Records for the exercise:
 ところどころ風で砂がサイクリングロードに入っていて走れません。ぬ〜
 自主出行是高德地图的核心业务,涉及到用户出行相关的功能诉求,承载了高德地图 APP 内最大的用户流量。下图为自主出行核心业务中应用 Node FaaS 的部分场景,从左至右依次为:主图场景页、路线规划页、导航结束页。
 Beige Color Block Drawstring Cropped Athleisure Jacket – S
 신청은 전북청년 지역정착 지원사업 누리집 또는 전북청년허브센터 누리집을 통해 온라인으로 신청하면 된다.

* * *

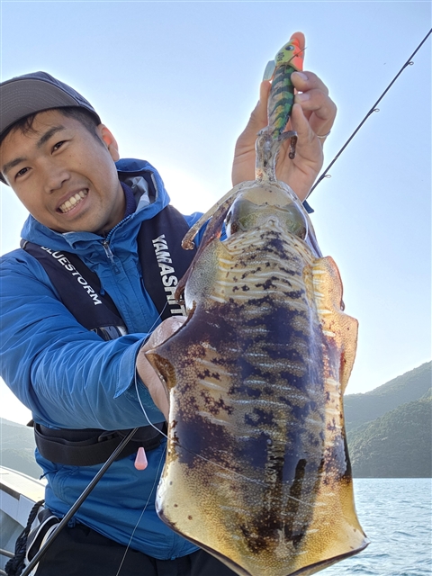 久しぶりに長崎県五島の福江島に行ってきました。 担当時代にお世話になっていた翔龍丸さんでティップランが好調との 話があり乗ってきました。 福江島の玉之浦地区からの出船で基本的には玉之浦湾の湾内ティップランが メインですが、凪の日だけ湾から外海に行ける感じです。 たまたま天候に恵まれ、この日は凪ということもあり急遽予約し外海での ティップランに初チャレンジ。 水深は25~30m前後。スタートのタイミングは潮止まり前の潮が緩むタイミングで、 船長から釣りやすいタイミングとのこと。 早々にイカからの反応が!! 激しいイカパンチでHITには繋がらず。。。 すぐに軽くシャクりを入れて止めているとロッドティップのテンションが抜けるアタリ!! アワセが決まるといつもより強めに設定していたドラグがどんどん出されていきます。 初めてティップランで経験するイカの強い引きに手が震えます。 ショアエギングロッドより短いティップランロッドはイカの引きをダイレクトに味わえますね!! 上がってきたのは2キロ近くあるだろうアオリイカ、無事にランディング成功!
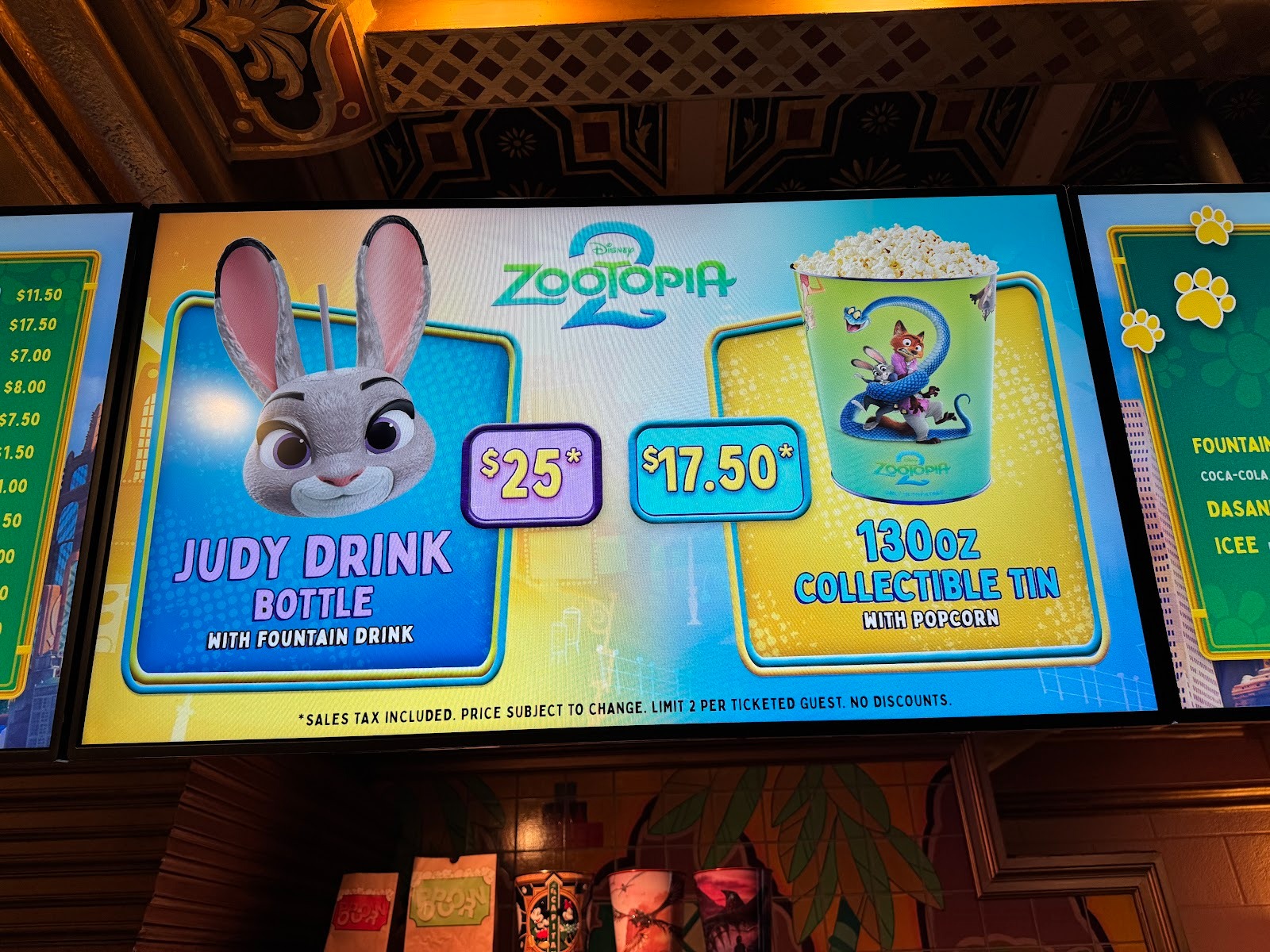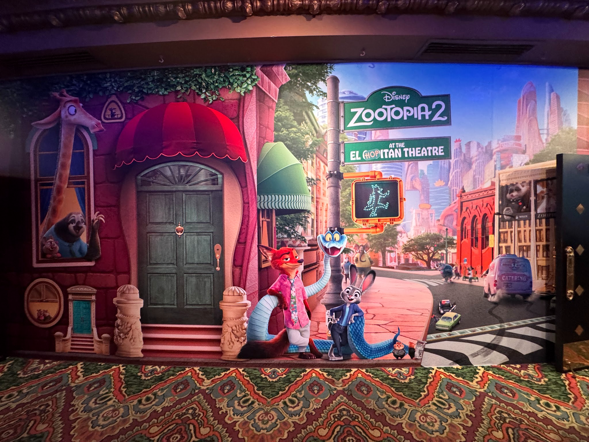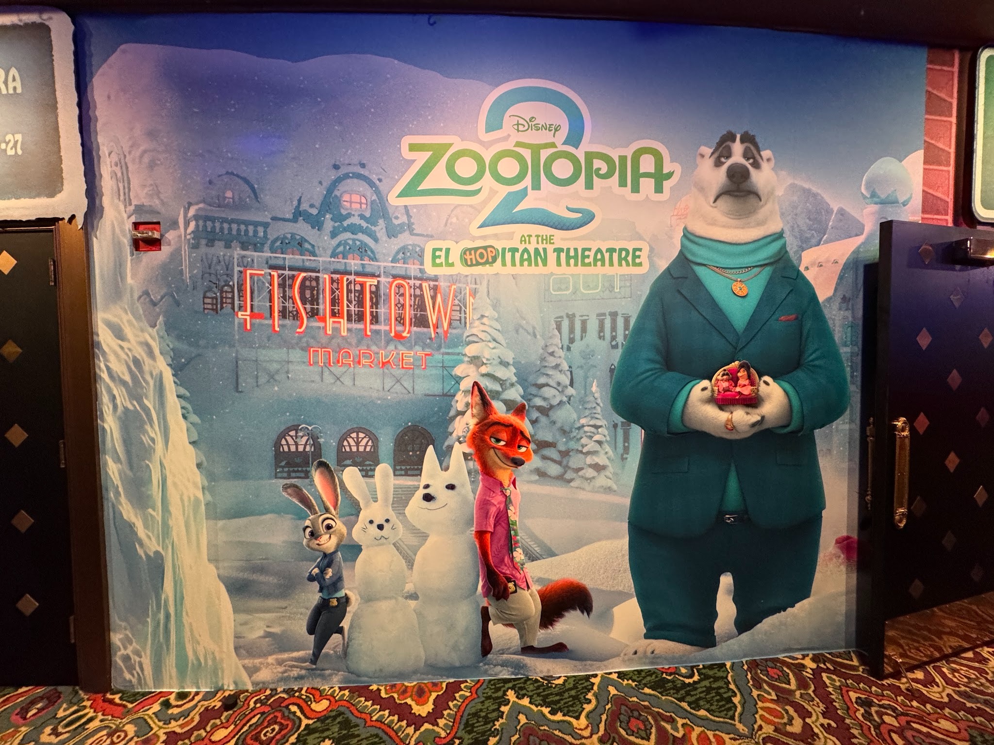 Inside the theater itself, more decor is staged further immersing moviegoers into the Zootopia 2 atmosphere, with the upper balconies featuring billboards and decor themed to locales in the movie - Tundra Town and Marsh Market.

Problem to work on: Print the part of the listing above that opens with the line containing "船長から釣りやすいタイミングとのこと。 早々にイカからの反応が!! 激しいイカパンチでHITには繋がらず。。。" and closes with the line containing "Inside the theater". Copy it exactly, both ends included, and omit the pictures.

Answer section:
 久しぶりに長崎県五島の福江島に行ってきました。 担当時代にお世話になっていた翔龍丸さんでティップランが好調との 話があり乗ってきました。 福江島の玉之浦地区からの出船で基本的には玉之浦湾の湾内ティップランが メインですが、凪の日だけ湾から外海に行ける感じです。 たまたま天候に恵まれ、この日は凪ということもあり急遽予約し外海での ティップランに初チャレンジ。 水深は25~30m前後。スタートのタイミングは潮止まり前の潮が緩むタイミングで、 船長から釣りやすいタイミングとのこと。 早々にイカからの反応が!! 激しいイカパンチでHITには繋がらず。。。 すぐに軽くシャクりを入れて止めているとロッドティップのテンションが抜けるアタリ!! アワセが決まるといつもより強めに設定していたドラグがどんどん出されていきます。 初めてティップランで経験するイカの強い引きに手が震えます。 ショアエギングロッドより短いティップランロッドはイカの引きをダイレクトに味わえますね!! 上がってきたのは2キロ近くあるだろうアオリイカ、無事にランディング成功!
 Inside the theater itself, more decor is staged further immersing moviegoers into the Zootopia 2 atmosphere, with the upper balconies featuring billboards and decor themed to locales in the movie - Tundra Town and Marsh Market.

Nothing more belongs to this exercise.